Jose de Pellicer de Tovar, a chronicler of the King, and in charge of censuring this work, said that the author Gregorio de Tapia y Salzedo, 'was more worthwhile of esteem and appreciation than of censorship' and he justifies that 'because with such elegance the Castilian language can be so grand, deals with a difficult to talk about subject, what is the teaching of a gentleman applying to practice the inaccessible precepts of theory, and reduce to method the charm of school, tying the precise laws, both the irrationality of a horse and the punctuality of the horse rider.
Not only shows what was written but proves it in drawing, cooperating with the studying, fountain pen and a burin. Novelty and success run side to side. We think there is no need for any other introduction.

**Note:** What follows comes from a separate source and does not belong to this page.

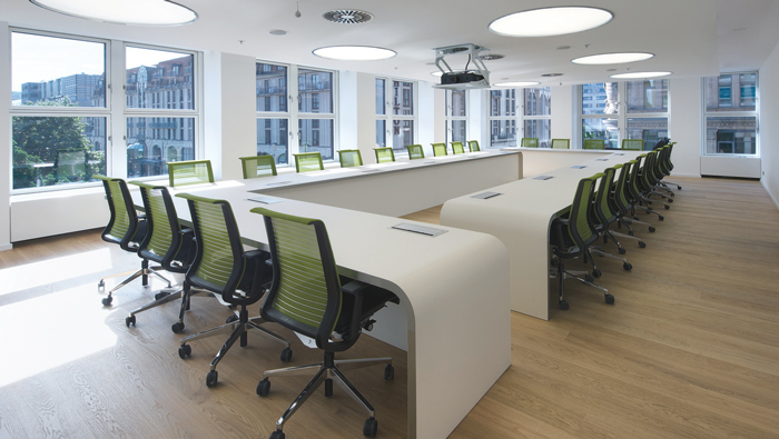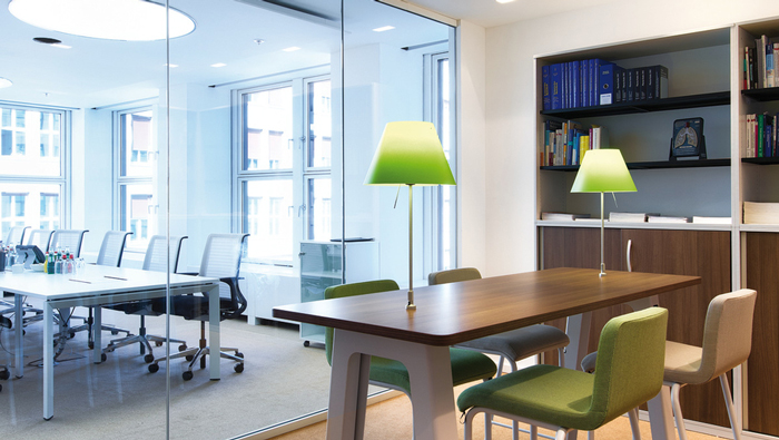 會議室的設(shè)計(jì):此處可以容納將近30個(gè)人,在這里開放是空間的主旋律,在這里員工感受到的是一種輕快之感,這也是設(shè)計(jì)師希望看到的,在設(shè)計(jì)師看來一個(gè)輕快的會議空間,可以在無形中化解對于員工的壓力,讓員工可以在這里的空間中得以自由發(fā)揮。

An odd copy because of its landscape format; with the text framed by a double line. It was wonderful presented with traced engravings, some of them with the signature of María Eugenia de Beer, initials and small ornaments; managing a beautiful display with round and italic lettering with some running tittles and capital letters, and decoys in every page.
This work is dedicated to Prince Baltasar Carlos, whose traced portrait, when he was 14 years old is being shown before the inscription.
Antonio Palau y Dulcet mentioned in his Manual del librero hispanoamericano, referring to the copies of this work.
'This book is sought after because it belongs to horse-riding and bull collections'.
A magnificent bite for bibliophiles.